TASK DIRECTIONS
Reproduce nothing but the lines from the one with "8일 오후 서울 목동구장에서" down to the last line of the data below.

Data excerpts

<<<<

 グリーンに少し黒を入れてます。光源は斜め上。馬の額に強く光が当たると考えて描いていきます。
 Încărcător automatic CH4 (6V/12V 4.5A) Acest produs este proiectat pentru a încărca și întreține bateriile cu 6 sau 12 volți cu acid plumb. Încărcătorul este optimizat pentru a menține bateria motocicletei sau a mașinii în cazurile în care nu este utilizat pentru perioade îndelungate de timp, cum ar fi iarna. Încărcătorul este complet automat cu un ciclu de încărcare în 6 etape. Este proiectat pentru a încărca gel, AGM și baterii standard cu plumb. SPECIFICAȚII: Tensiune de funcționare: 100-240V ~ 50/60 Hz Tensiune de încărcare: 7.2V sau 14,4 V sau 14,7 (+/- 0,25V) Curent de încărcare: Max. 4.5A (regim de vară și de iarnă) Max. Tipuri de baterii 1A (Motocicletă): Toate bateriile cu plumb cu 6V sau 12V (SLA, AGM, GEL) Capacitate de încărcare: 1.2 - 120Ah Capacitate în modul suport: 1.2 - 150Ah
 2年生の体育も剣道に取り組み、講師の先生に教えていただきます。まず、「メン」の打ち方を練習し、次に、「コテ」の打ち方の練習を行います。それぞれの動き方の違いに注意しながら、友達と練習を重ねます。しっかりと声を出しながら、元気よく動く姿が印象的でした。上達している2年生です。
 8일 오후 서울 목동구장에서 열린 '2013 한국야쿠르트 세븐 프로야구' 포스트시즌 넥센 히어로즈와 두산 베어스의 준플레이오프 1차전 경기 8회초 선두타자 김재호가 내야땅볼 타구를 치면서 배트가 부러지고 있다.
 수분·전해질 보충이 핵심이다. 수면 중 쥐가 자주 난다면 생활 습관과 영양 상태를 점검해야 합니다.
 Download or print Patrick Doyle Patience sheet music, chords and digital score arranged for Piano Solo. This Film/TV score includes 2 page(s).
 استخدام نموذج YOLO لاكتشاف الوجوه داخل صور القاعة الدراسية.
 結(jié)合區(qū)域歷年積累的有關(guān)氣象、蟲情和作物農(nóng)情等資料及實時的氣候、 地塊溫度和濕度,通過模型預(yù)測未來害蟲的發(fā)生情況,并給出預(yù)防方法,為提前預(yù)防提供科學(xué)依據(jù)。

>>>>

RESPONSE TO THIS EXERCISE
 8일 오후 서울 목동구장에서 열린 '2013 한국야쿠르트 세븐 프로야구' 포스트시즌 넥센 히어로즈와 두산 베어스의 준플레이오프 1차전 경기 8회초 선두타자 김재호가 내야땅볼 타구를 치면서 배트가 부러지고 있다.
 수분·전해질 보충이 핵심이다. 수면 중 쥐가 자주 난다면 생활 습관과 영양 상태를 점검해야 합니다.
 Download or print Patrick Doyle Patience sheet music, chords and digital score arranged for Piano Solo. This Film/TV score includes 2 page(s).
 استخدام نموذج YOLO لاكتشاف الوجوه داخل صور القاعة الدراسية.
 結(jié)合區(qū)域歷年積累的有關(guān)氣象、蟲情和作物農(nóng)情等資料及實時的氣候、 地塊溫度和濕度,通過模型預(yù)測未來害蟲的發(fā)生情況,并給出預(yù)防方法,為提前預(yù)防提供科學(xué)依據(jù)。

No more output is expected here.